Viernes de fuego
Después de una semana larga de trabajo, por fin llega el viernes.
Despierto antes de que suene el despertador; mi cuerpo parece saber que hoy algo distinto va a ocurrir. Me siento inquieta, viva, con una energía que me recorre la piel.
Elijo mi ropa con cuidado: una falda corta, sandalias y una blusa negra que abraza mis curvas. No soy delgada, pero adoro mis formas, y me gusta sentir que mi cuerpo habla antes que mis palabras.
La ropa interior también la escojo con intención: encaje negro, suave y provocador.
Mientras me ducho, dejo que el agua tibia acaricie mi piel. Paso el jabón lentamente por mis brazos, por mi cuello, por mis pechos… cierro los ojos y dejo que los recuerdos se mezclen con las gotas que resbalan. Pienso en ti, en tus manos, en tu boca, en la forma en que me haces temblar. Una sonrisa se escapa de mis labios: “uno nunca sabe lo que puede pasar un viernes”, me digo.

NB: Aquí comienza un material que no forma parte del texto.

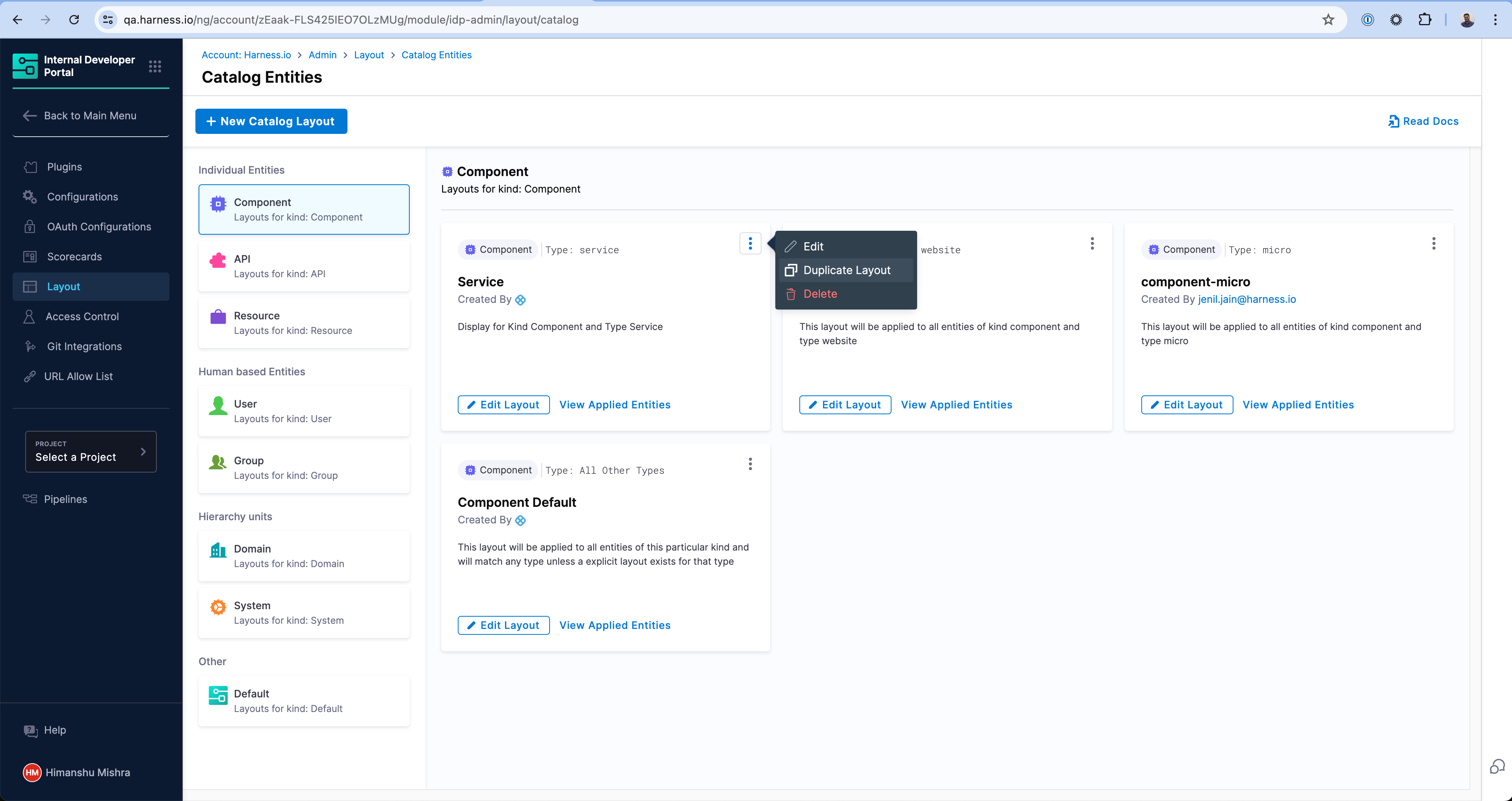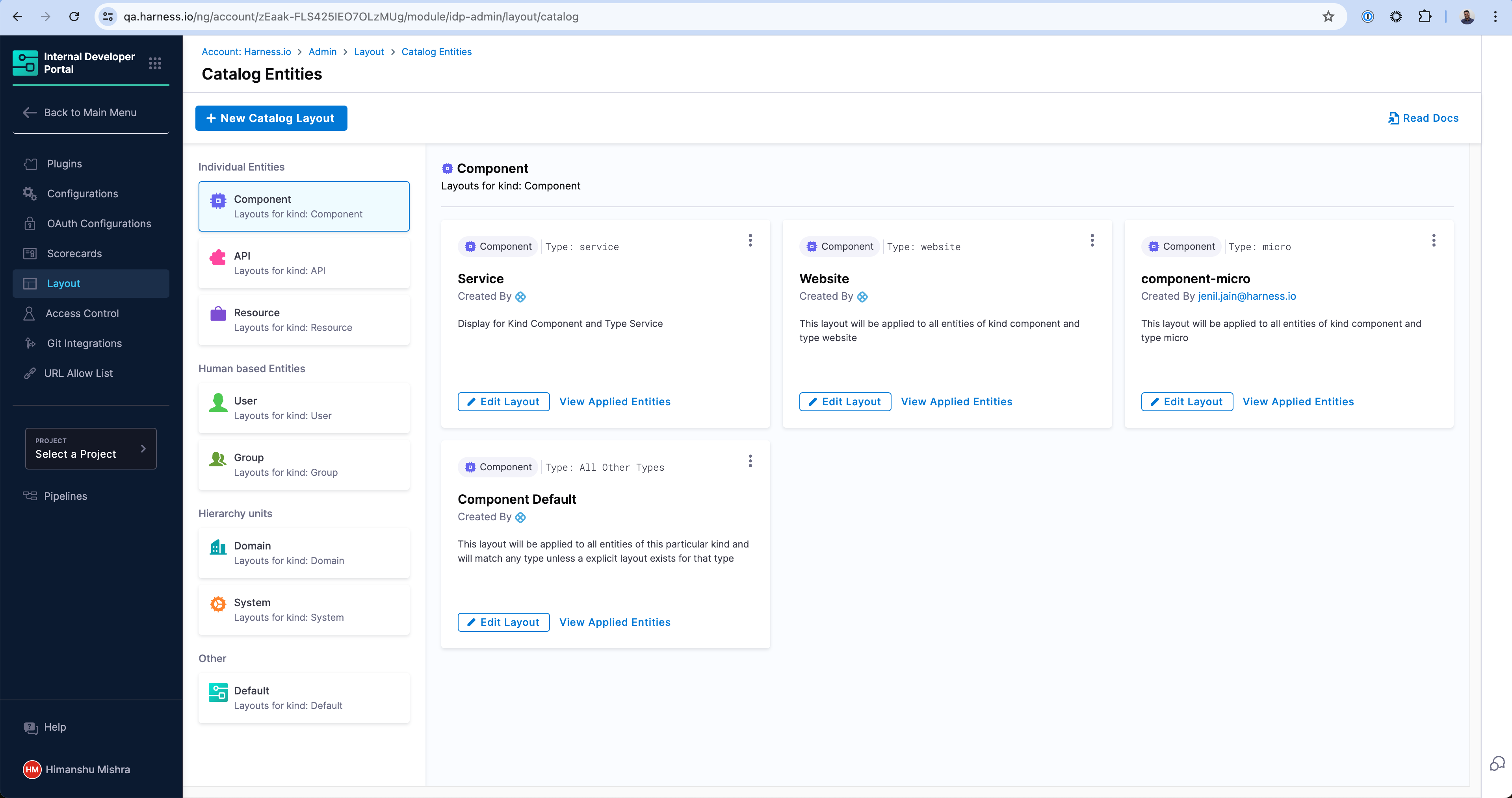 2. Select the entity whose layout you want to edit, or create a new catalog layout.

Termino la ducha, aún con el cuerpo encendido, y me visto despacio, disfrutando de cada prenda que roza mi piel. Me miro al espejo y me reconozco distinta: deseante, segura, lista. “Apoteósica”, pienso, y sonrío.
Tomo un taxi y noto cómo el conductor me mira por el retrovisor. Me dice que me veo muy bonita. Le agradezco con una sonrisa distraída mientras reviso mi celular. Ahí estás tú.
Me habías escrito desde temprano. Te respondo y, casi al instante, llega tu mensaje:
—¿Cómo estás?
Sin pensarlo, mis dedos escriben: “caliente”.
Tu respuesta llega con un emoji travieso y una frase que me hace sonreír: “Entonces déjame ayudarte con eso”.
Acordamos vernos a las seis y media.
Intento concentrarme en el trabajo, pero tu voz se me instala en la cabeza. Cuando suena mi celular y escucho que eres tú, mi respiración cambia.
—Solo quería decirte que esta noche quiero que pienses en mí —susurras.
Y ese tono, esa intención, me desarma.
El resto del día se me hace eterno.
Durante el almuerzo, escucho una voz familiar detrás de mí. Me giro y ahí estás, sonriendo. Me dices que me veo increíble. Tu presencia me descoloca. Me abrazas y el tiempo se detiene. Nuestros cuerpos se reconocen en ese roce. Tus labios buscan los míos en un beso breve, pero suficiente para que mi cuerpo despierte del todo.
Al oído me susurras:
—Esta noche, te quiero para mí.
Tu promesa se me queda latiendo en la piel.
Cuando me dices que, al verte, quiere que esté sin ropa interior, siento el calor subir desde adentro. El resto de la tarde lo paso contando los minutos, anticipando el momento.
A las seis en punto me arreglo, me miro al espejo una vez más y cumplo con lo que me pediste.
Al salir, me siento libre, ligera, como si mis pasos flotaran.
Te encuentro esperándome. Entro al carro, y apenas cierro la puerta, tus labios buscan los míos. El beso es profundo, impaciente, lleno de todo lo que contuvimos durante el día.
Me dices que no dejaste de pensar en mí, que al recordarme vestida así te perdiste en la idea de tenerme cerca.
Arrancas el auto y el silencio se llena de algo que no es solo deseo, sino anticipación. Te miro, y mis ojos se deslizan con descaro por tu cuerpo.
Sonríes, como si pudieras leer lo que pienso.
—Aún no —murmuras con esa voz que me desarma—. Déjame llegar al lugar donde quiero verte perder el control.
Asiento, intentando recuperar la calma, pero tu mano busca la mía, y el aire se vuelve espeso, eléctrico. En cada semáforo, tus dedos rozan mi piel, y esa caricia breve me deja sin respiración.
Tus palabras me arden en el oído:
—Estás lista para mí… y quiero probar cada deseo que guardas.
No necesito más. Mis sentidos se despiertan por completo. Cierro los ojos y me dejo llevar por lo que siento, por lo que imagino que pasará cuando lleguemos.
Tu respiración se acelera, la mía también.
El ambiente se carga de una energía que podría incendiarlo todo.
—No sabes cuánto te he deseado hoy —susurras—. No dejo de pensarte, de imaginarte.
Cada palabra tuya me empuja más cerca del borde del placer.
No hay espacio para el miedo ni la duda; solo el deseo, palpitante, contenido, a punto de desbordarse.
Y entonces sucede: ese instante en que el cuerpo y la mente se rinden al mismo fuego, donde el silencio se convierte en un gemido contenido, y la noche se vuelve cómplice de todo lo que no necesita ser dicho.